How to Cook Rice on Electric Stove

How to Cook Rice on Electric Stove

How To Cook Rice On An Electric Stove: The Easy, Trusted Method

I’m going to be honest with you: when I first bought the Best Asian Rice Cooker I never thought I’d be writing a blog post about it. But, a few months in, I realized I liked it a lot more than a pressure cooker. But a rice cooker is not a pressure cooker. It’s a lot more complicated. I’m going to do my best to explain it in a few paragraphs.

Why use an electric stove?

The answer is two-fold: one, the rice cookers are easier to use because of the hot/cold buttons; two, you can cook the rice to almost anything you can cook to a stick of butter! The process is simple, too. All you need to do is put a whole cup of rice into the cooker, put the cooker into a pre-heated 180°C oven for half an hour, then take it out of the oven and use the turn/stop/start button to achieve perfect rice. If you want to make perfectly done rice, make sure you don’t burn the bottom.

And don’t overdo it on the stirring or rice will end up sticking to the bottom, again.

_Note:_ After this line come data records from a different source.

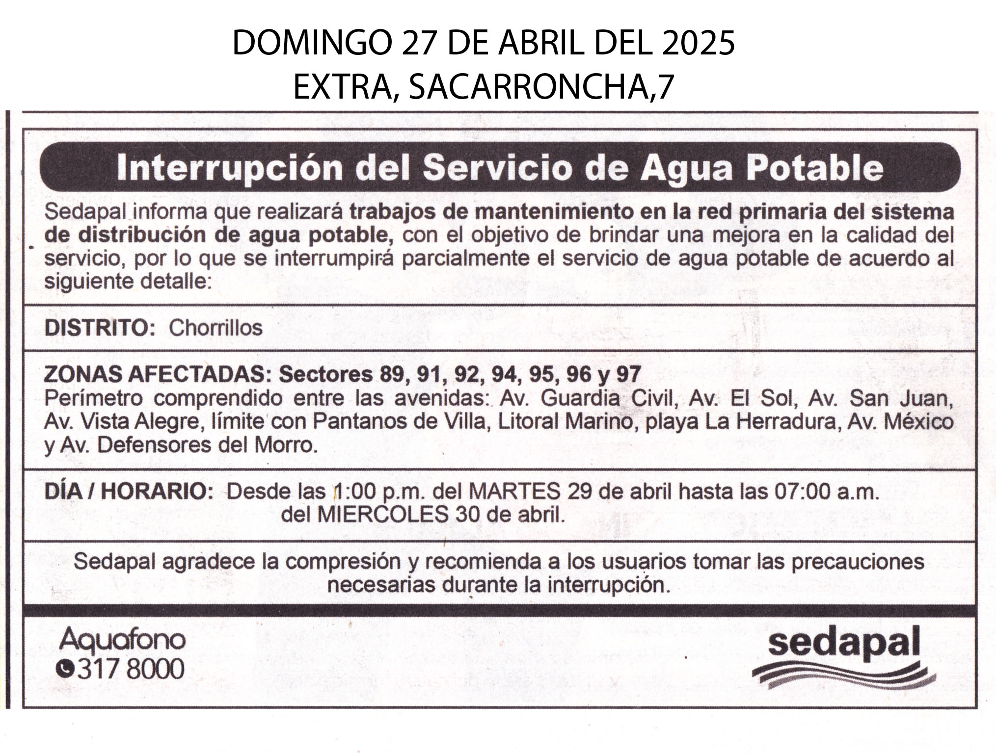 Interrupción del Servicio de Agua Potable Sedapal informa que realizará trabajos de mantenimiento en la red primaria del sistema de distribución de agua potable, con el objetivo de brindar una mejora en la calidad del servicio, por lo que se interrumpirá parcialmente el servicio de agua potable de acuerdo al siguiente detalle: DISTRITO: Chorrillos ZONAS AFECTADAS: Sectores 89, 91, 92, 94, 95, 96 y 97 Perímetro comprendido entre las avenidas: Av. Guardia Civil, Av. El Sol, Av. San Juan, Av. Vista Alegre, límite con Pantanos de Villa, Litoral Marino, playa La Herradura, Av. México y Av. Defensores del Morro. DÍA! HORARIO: Desde las 1:00 p.m. del MARTES 29 de abril hasta las 07:00 am. del MIERCOLES 30 de abril. Sedapal agradece la compresión y recomienda a los usuarios tomar las precauciones necesarias durante la interrupción.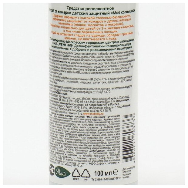 Спрей Моё солнышко от комаров 100 мл - Авантатрейдинг - МОЕ солнышко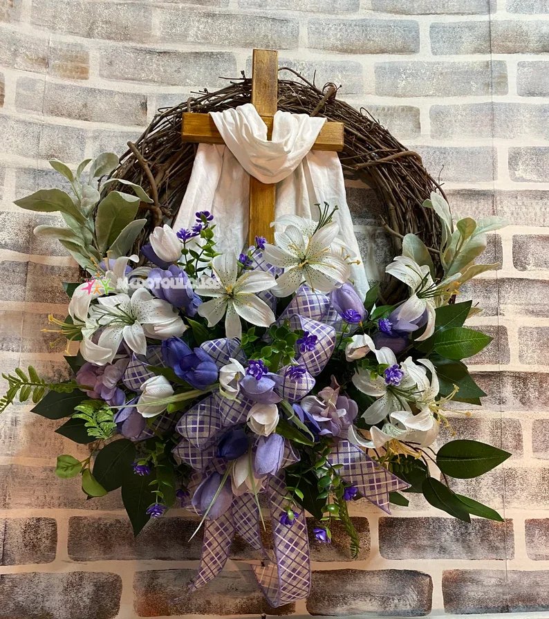 This Easter Wreath with Cross make the Perfect Housewarming Gift for a religious family,This Beautifully Handmade and Detailed wreath is a one of a kind spring wreath with purple and white flowers!

How to prepare rice on an electric stovetop

Put a cup of rice into the cooker. Set the cooker into the pre-heated oven at 180°C for half an hour.

How to Cook Rice

Electric rice cookers, like this one from Oster, take the guesswork out of rice cooking. It works like this: you take a plain cup, put some water in it and start the machine. The rice cooker cycles on, slowly heating the water up. When the water is hot, the rice cooker automatically adjusts to work on the heat, and then shuts off.

In other words: rice cooked on an electric rice cooker is uncooked, just like in a traditional pressure cooker. You have to stir the rice once or twice while it cooks. After about 15 minutes, the water should be cooked. Just remove it from the machine and let the steam recirculate. I use a wooden spoon to check for softness, and if it’s still hard, I continue to stir.

How To Keep Your Rice

I love rice, but it’s not the most delicate kitchen ingredient.

Choose Your Rice

The best rice cooker you can buy will get your rice perfectly cooked every time. It’s also cheaper than a rice cooker. Here’s the only way you can make the best rice: Start with brown rice. But, not from a box. You can make rice from scratch. The rice cooker eliminates the most time-consuming part of cooking rice: the sifting.

Start with dry brown rice. The rice cooker is such a good at sifting through the dry grains and carefully extracting the grain’s individual grains. It’s also gentler on the machine, which is important when you cook rice for up to 12 hours at a time. As a bonus, you can mix in some spices like cinnamon and ginger without having to worry about over-seasoning. Make sure the pot’s a medium heat setting. You don’t want to brown the rice.

How to Cook Other Grain Products

Because there’s a rice cooker involved, rice, we want to start with rice. As I mentioned in my post on preparing rice in a rice cooker, a rice cooker uses a combination of heating and steam to cook the rice and the liquid that’s used to cook it. This makes it a much better option for other grain products that you wouldn’t want to cook in water, but you’d like to cook them through. A rice cooker might take longer to cook a side dish, like oatmeal, because it uses less water.

An electric rice cooker is best for making white rice, which you can find here. Like a pressure cooker, the rice cooker combines the heating and pressure together. But the electric model can cook other grains, too.